Computer Things

Subscribe
Archives
October 22, 2024

TLA from first principles

Building an intuition for the mathematics behind the "TLA" in "TLA+"

No Newsletter next week

I'll be speaking at USENIX SRECon!

TLA from first principles

I'm working on v0.5 of Logic for Programmers. In the process of revising the "System Modeling" chapter, I stumbled on a great way to explain the Temporal Logic of Actions that TLA+ is based on. I'm reproducing that bit here with some changes to fit the newsletter format.

Note that by this point the reader has already encountered property testing, formal verification, decision tables, and nontemporal specifications, and should already have a lot of practice expressing things as predicates.


The intro

We have some bank users, each with an account balance. Bank users can wire money to each other. We have overdraft protection, so wires cannot reduce an account value below zero.
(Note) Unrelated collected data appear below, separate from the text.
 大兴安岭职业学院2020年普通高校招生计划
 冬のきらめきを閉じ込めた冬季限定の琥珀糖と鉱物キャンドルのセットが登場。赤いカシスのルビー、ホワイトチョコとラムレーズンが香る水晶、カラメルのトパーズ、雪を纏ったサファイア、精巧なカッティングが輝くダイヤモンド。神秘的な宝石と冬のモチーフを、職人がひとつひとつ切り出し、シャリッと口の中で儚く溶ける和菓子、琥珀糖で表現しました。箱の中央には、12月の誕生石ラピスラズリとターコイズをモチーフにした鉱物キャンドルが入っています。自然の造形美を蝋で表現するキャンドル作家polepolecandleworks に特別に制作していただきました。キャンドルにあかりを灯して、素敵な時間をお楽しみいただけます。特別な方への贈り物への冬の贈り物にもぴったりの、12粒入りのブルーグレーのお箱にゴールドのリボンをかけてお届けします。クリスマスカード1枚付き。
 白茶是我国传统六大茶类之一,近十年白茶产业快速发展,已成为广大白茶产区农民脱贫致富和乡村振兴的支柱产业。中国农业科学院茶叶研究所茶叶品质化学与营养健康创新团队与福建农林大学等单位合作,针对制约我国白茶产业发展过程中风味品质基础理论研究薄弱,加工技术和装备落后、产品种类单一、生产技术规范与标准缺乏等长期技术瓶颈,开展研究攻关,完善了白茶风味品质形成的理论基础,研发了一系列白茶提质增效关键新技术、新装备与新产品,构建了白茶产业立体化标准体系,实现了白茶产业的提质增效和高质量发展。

For the purposes of introducing the ideas, we'll assume an extremely simple system: two hardcoded variables alice and bob, both start with 10 dollars, and transfers are only from Alice to Bob. Also, the transfer is totally atomic: we check for adequate funds, withdraw, and deposit all in a single moment of time. Later [in the chapter] we'll allow for multiple nonatomic transfers at the same time.
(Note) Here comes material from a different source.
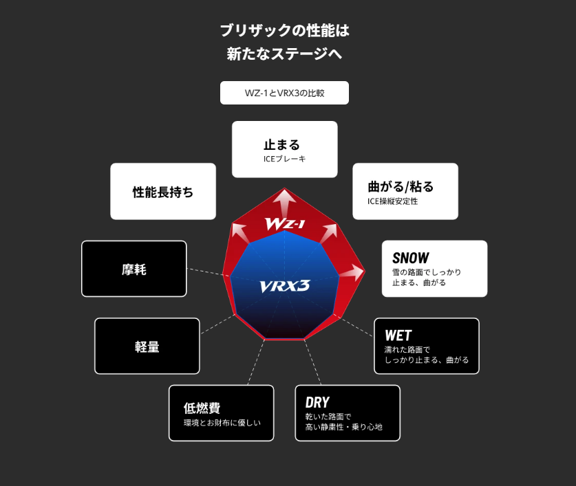 ブリザックはENLITENで生まれ変わる。 2025年9月 販売予定!! 『ブリザック史上、断トツのICEコントロール性』 『アイス、スノー、シャーベット、ウェット、ドライ、 日本の冬道で想定される、様々な路面状況に対して、高水準に対応』 『性能長持ちでサステナビリティの貢献』 こうご期待ください!!

First, let's look at a valid behavior of the system, or possible way it can evolve.

alice   10 ->  5 -> 3  -> 3  -> ...
bob     10 -> 15 -> 17 -> 17 -> ...

In programming, we'd think of alice and bob as variables that change. How do we represent those variables purely in terms of predicate logic? One way is to instead think of them as arrays of values. alice[0] is the initial state of alice, alice[1] is after the first time step, etc. Time, then, is "just" the set of natural numbers.

Time  = {0, 1, 2, 3, ...}
alice = [10, 5, 3, 3, ...]
bob   = [10, 15, 17, 17, ...]

In comparison to our valid behavior, here are some invalid behaviors:

alice = [10, 3,  ...]
bob   = [10  15, ...]

alice = [10, -1,  ...]
bob   = [10  21,  ...]

The first is invalid because Bob received more money than Alice lost. The second is invalid because it violates our proposed invariant, that accounts cannot go negative. Can we write a predicate that is true for valid transitions and false for our two invalid behaviors?

Here's one way:

Time = Nat // {0, 1, 2, etc}

Transfer(t: Time) =
  some value in 0..=alice[t]:
    1. alice[t+1] = alice[t] - value
    2. bob[t+1] = bob[t] + value

Go through and check that this is true for every t in the valid behavior and false for at least one t in the invalid behavior. Note that the steps where Alice doesn't send a transfer also pass Transfer; we just pick value = 0.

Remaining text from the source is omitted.